Sunday, October 6, 2024

A Tale of Two Apartheids

In a discussion of Ta-Nehisi Coates's recent book on apartheid Israel (The Message) Breaking Points commentator Krystal Ball's examples of the persistence of racial horror in the U.S. were pretty under-whelming. Does Trump falsely blaming Haitian immigrants for eating American pets really stand out as worthy of mention in the longstanding U.S. tradition of slavery, lynching, and mass black imprisonment?  Realistically, that has to be far down the list of racial priorities in the U.S., where black people still don't have capital four hundred plus years after being wrested from their homelands and brought to the U.S. as slaves.
 
Forty acres and a mule for all former slaves never happened, and that failure has obvious repercussions down to the present day. Pretending it isn't so solves nothing. 
 
On the other hand, it's easy to give up on Ta-Nehisi Coates, especially after he preposterously claimed that Barack Obama was the only legitimate heir of Malcolm X. Malcolm was a revolutionary, the greatest black revolutionary of the 20th Century, in fact; Obama was what Malcolm called a "House Negro," the Great Half-White Hope of corporate America. Advertising Age gave him an award for the slickness of his 2008 election campaign. When did Malcolm ever win acclaim from corporate America?  Never. 
 
It is certainly a blessing that Coates is now bringing to a mass audience the news that Israel is an apartheid state, which is all to the good, albeit a bit late in the day. 
 
Ball's co-presenter Saagar Enjeti is incensed at Coates for quite another reason, specifically that he paints the U.S. as as much of an apartheid state as Israel is, where segregation is codified in law. That is too much for Enjeti, who vehemently denies it. 
 
Actually, Coates's explicit comparison between the two apartheid states is drawn between the Jim Crow south and Israel, and there the comparison is not far-fetched.  As much as Palestinian Arabs today blacks in the old south had no rights anyone else needed to respect. Both groups were subjugated and terrorized by overwhelming force.
 
Any comparison between Israel and the U.S. in the post civil rights era would be more problematic, though not entirely out of bounds. While one would not want to dismiss the immense civilizing influence of the civil rights movement on American society, especially the end of lynching, at the same time we remain deeply segregated fifty-six years after MLK was gunned down for correctly connecting racism in U.S. foreign policy with racism at home, an analysis that has never been allowed to move us to overcome the deep racial divisions that continue to scar American society.
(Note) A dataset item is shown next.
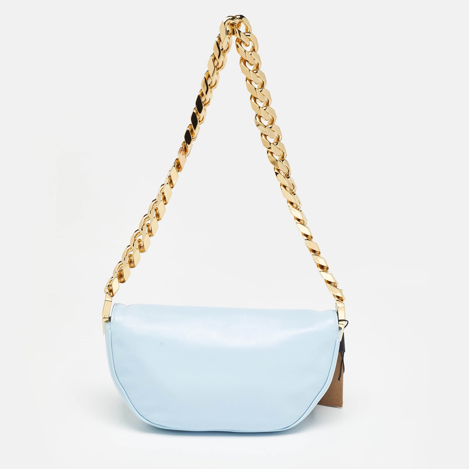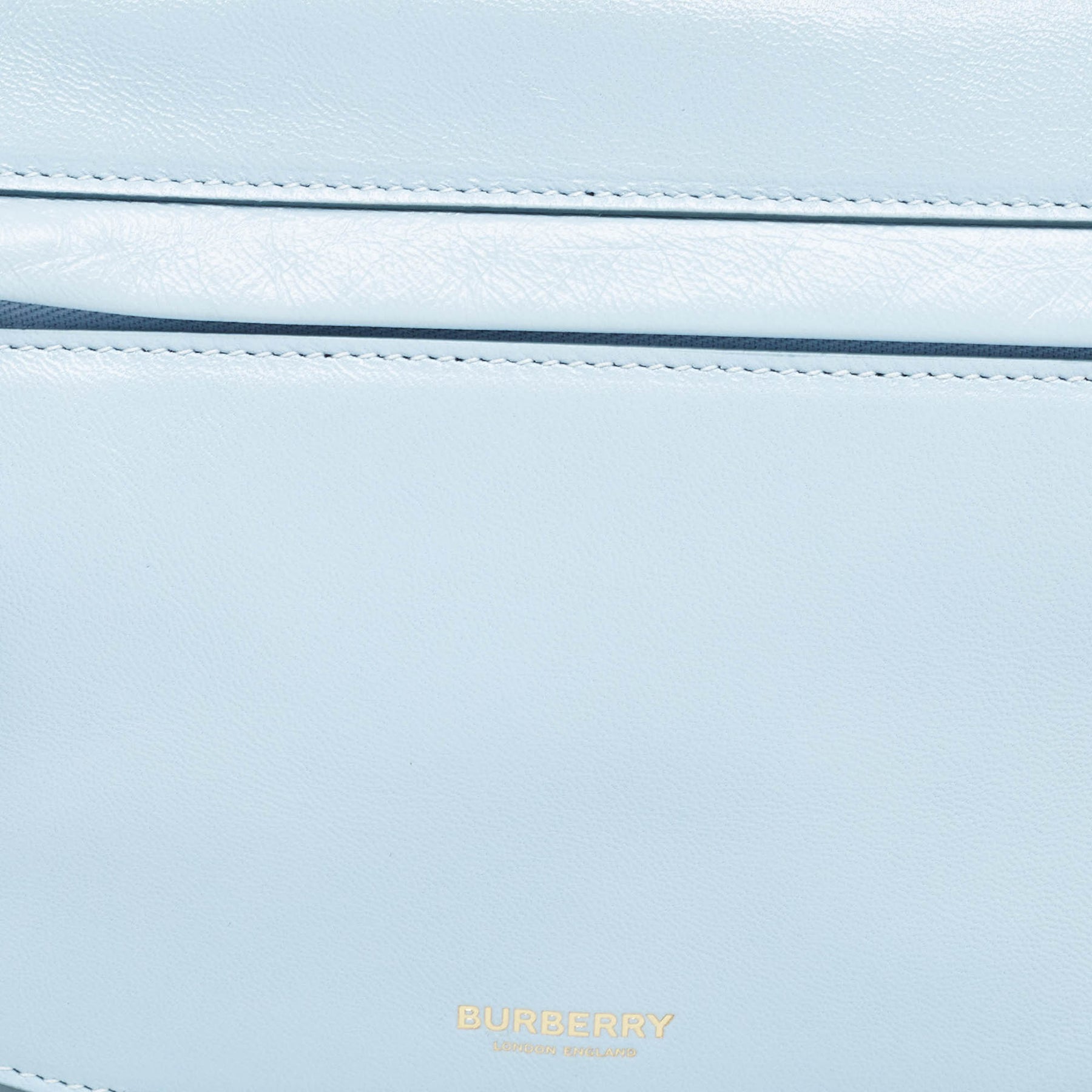 Indulge in luxury with this Burberry pale blue bag. Meticulously crafted from premium materials, it combines exquisite design, impeccable craftsmanship, and timeless elegance. Elevate your style with this fashion accessory.

In other words, it's far from a simple matter to assess the gains and losses of the civil rights era, and specifically to what degree legal segregation may have been worse than the de facto segregation that succeeded it.
 
As educator Jonathan Kozol has pointed out for years, photographs of students in American public schools today look remarkably similar to photos taken during the Jim Crow era. Nowhere do large numbers of white children go to school with their black counter-parts, and nowhere do blacks have access to the same level of funding as whites enjoy. Has the U.S. really changed all that much? We may like to think so, but the facts on the ground say we're kidding ourselves.
 
Every inch of the land of Israel is built over destroyed Palestinian villages, and over ninety percent of it is permanently held in trust for the Jewish people. In the United States black-white relations were founded on sexual violence and wills and trusts deliberately excluded blacks from all but a miniscule portion of the national wealth. Purposive striving by individual blacks will not overcome this problem, which is national, not personal.
 
Unlike in Israel where apartheid is backed by law, in the U.S. it is the custom of the country, a force stronger than law. In both cases it is a deep and enduring ugliness that mocks all pretensions to civilized existence.